→ Problem requirements: Return the lines of the data below starting at the one holding "Настольная игра 'Змейки" and ending at the one holding "11.25日上午十点,环能1", word for word, leaving every picture out.

→ Records to use:
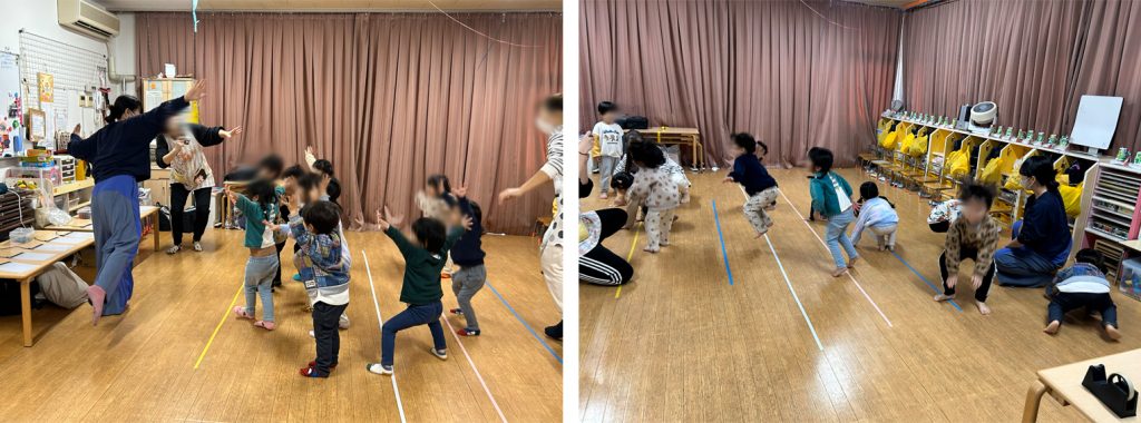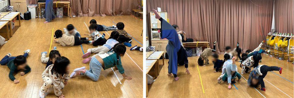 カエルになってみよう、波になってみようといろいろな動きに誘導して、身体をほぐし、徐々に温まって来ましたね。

==

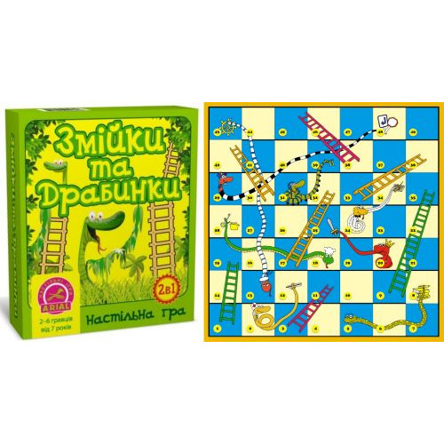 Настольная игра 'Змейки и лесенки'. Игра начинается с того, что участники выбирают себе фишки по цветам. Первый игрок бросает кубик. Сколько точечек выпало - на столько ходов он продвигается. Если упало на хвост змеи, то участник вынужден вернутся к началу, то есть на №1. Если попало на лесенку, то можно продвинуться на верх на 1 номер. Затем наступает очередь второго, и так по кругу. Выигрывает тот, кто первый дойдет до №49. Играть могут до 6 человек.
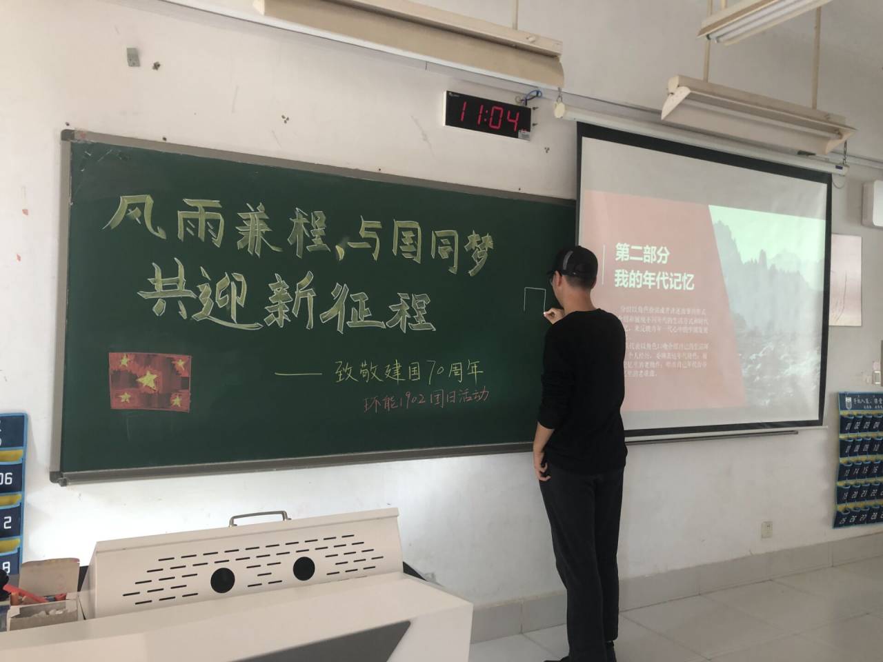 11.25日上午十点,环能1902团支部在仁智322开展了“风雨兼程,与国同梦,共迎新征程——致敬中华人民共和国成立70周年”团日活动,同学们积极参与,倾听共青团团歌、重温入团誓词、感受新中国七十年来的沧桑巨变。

==

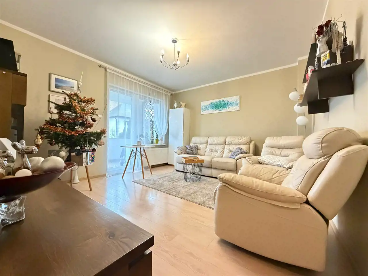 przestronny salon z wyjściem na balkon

→ Solution for this exercise:
 Настольная игра 'Змейки и лесенки'. Игра начинается с того, что участники выбирают себе фишки по цветам. Первый игрок бросает кубик. Сколько точечек выпало - на столько ходов он продвигается. Если упало на хвост змеи, то участник вынужден вернутся к началу, то есть на №1. Если попало на лесенку, то можно продвинуться на верх на 1 номер. Затем наступает очередь второго, и так по кругу. Выигрывает тот, кто первый дойдет до №49. Играть могут до 6 человек.
 11.25日上午十点,环能1902团支部在仁智322开展了“风雨兼程,与国同梦,共迎新征程——致敬中华人民共和国成立70周年”团日活动,同学们积极参与,倾听共青团团歌、重温入团誓词、感受新中国七十年来的沧桑巨变。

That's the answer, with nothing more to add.